Был Пушкин — эллин. (Все же пусть не Байрон!)
А эллины писали не для дам.
Нам эллинизм ничто и не в чести.
Аннексия трилистника-трико! —
Ну Анненский! Наш сад многолистажен.
О трикотаже: Муза Мандельштама
была обмундирована в хитон
без пуговиц…
Кузмин казним форелью…
Стой зависть! Пересмешник-переводчик:
у нас есть крепость, в крепости есть кресла, —
пиши по шее получай свой сикль.
Чей сад? Чьи вам читатель чудеса? —
плюмбум свинца? или сонет свинины?
библейки? рильки? лорки? элюарки? —
чья форма — арифметика для рифм?..
Четырехстопный ямб менаду ел,
он чтой-то чересчур четвероног,
четвероножье же — питающ млеком…
О ртуть моя! Журнал моя! До боли
нам ясен путь: он — пятистопный ямб.
Хотя бы тем, что не хитер в трахеях,
не скалит клык, услуг не платит плугом,
не хвалится хвостом, как волкодав
(клыком ухватит волка, — все же трусит,
все ж — волк, а сей — из своры, свой, дворняг!),
не омолаживатель муз-молочниц
и не молоконосец этажей
ажиотажа… Чьим-то человеком
с вассальными власами, без лампад
не станет весь как есть на четвереньки:
две кисти на кровать, две босиком
на коврике, — о вынимай… вино!
Мой стих мне ближе зарисовкой Зверя…
Так в летописях Дария был пес.
Ну мускулы, ну челюсти калмыка,
ну молнья в беге, в битве так, как в битве…

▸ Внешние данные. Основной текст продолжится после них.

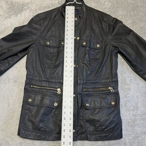 Tommy Hilfiger Waxed Utility Jacket Women's Blk Large With Gold Snaps & Zipper

друг человека… Дарий одарил
в знак дружелюбья (дружелюбье бойни!)
кого бы? — Александра! кем бы? — псом!..
«Я в Индию иду! Там — индеалы!
Моим солдатам зерен нет неделю!
Мои рабы без рыбы и без баб!
На что мне пес — он меч мне не наточит!»
И здесь узрел он узел издевательств.
«На что способен сей?» — все ж вопросил.
«Сейчас лежит», — ответил просто — перс.
«Так запусти ему на драку барса,
пусть он — поступит!» Дарий запустил.
Барс бросился; по правилам пирата;
ревел, как на раба, кусал клыком!..
каменья кварца, восклицая воздух
в окружности на пятьдесят в шагах.
«Где бой? Где крови кружево? Где шкура
пятнистая?» — маячил Македонский.
«Пес, думается, спит. А барс боится», —
ответил Дарий… Барса увели.
И вывели слона. В столбах и в силе.
Из пасти бас из хобота из кобра!
И бивня было два — как двойня смерти…
в окружности на двадцать пять в шагах.
«Что пес, — постится? — взвился Александр. —
Сломай слона! Уйми его, ублюдка!»
Но перс сказал: «Я думаю, он дремлет.
Слон трусит». Пес не дрогнул, пес дремал.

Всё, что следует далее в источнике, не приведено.